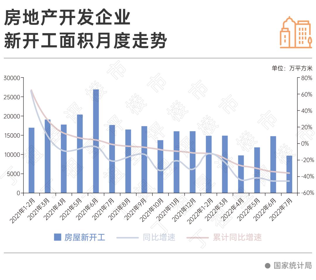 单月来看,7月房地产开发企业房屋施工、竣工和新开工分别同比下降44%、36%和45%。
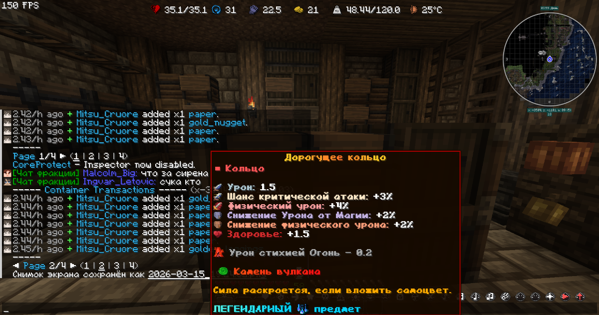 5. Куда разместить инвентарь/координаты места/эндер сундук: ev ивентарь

---

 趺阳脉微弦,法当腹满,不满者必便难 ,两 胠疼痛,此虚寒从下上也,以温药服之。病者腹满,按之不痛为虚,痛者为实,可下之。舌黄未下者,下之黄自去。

◆ Goal of the exercise
Using the data above, give again exactly the lines starting at the one holding "单月来看,7月房地产开发企业" and ending at the one holding "5. Куда разместить", inclusive, and nothing more. Omit the pictures.

◆ Answer to the exercise
 单月来看,7月房地产开发企业房屋施工、竣工和新开工分别同比下降44%、36%和45%。
 5. Куда разместить инвентарь/координаты места/эндер сундук: ev ивентарь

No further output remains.